= Green Swamp Wilderness Preserve =

wGreen Swamp Wilderness Preserve is a 110,000 acre preserve in the Green Swamp in the four-corner area of Lake County, Pasco County, Polk County and Sumter County, east of Dade City, Florida. It includes a 36-mile section of the Withlacoochee River and offers hiking trails. It is managed by the Southwest Florida Water Management District. It includes various habitats and is home to a wide array of wildlife.
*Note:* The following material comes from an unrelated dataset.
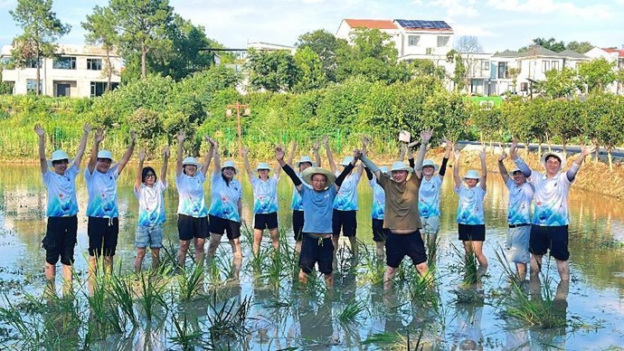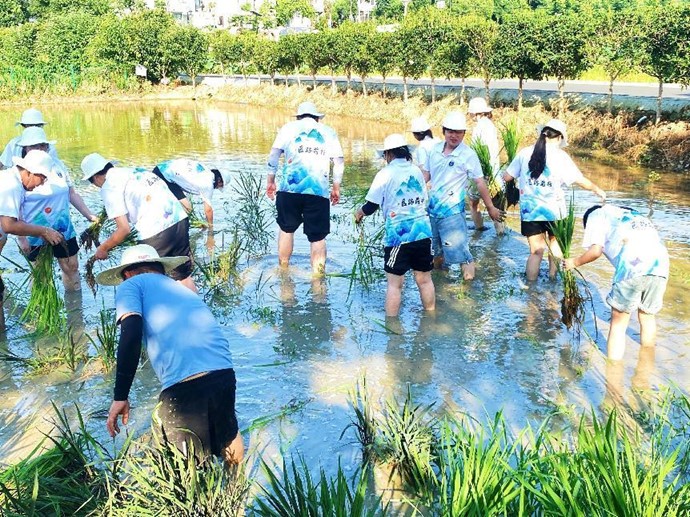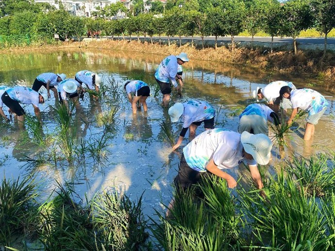 经过半个小时的辛勤劳作,大家圆满完成任务,嫩绿的秧苗在微风的轻拂下摇曳。大家的脸上始终洋溢着满足和自豪的笑容。这不仅仅是对土地的一次亲密接触,更是对农耕文化深刻理解的过程,也实际为助农做出了应有的贡献。

The preserve is divided into five areas: 5,067 acre Colt Creek State Park, the 51,149 acre East Tract; the 11,052 acre Hampton Tract; the 4,446 acre Little Withlacoochee Tract; and the 37,350 acre West Tract.

== History ==
During the 1800s and into the early 1900s some families lived in these areas. They built ranches, had orange groves and lived an old Florida lifestyle. The Green Swamp is mostly being reclaimed by nature so it looks a lot different than it did in the early days, but those remnants still do remain in the swamp. There was a railroad line that was close by as well and many folks lived along them when trains were one of the main sources for transportation.

In 1974, 322,000 acres of the Green Swamp region were designated an Area of Critical State Concern.
Purchases began in the early 1970s and are ongoing.

== Recreation ==

The Green Swamp is a popular destination for birding, hiking, trail running, bicycling, equestrian, fishing, canoeing, kayaking, and hunting. It is also popular among trail runners with the Skunk Ape Night Run and the Skunk Ape's Revenge that take place every year. Dances With Dirt used to be a popular race that once was held in the Green Swamp.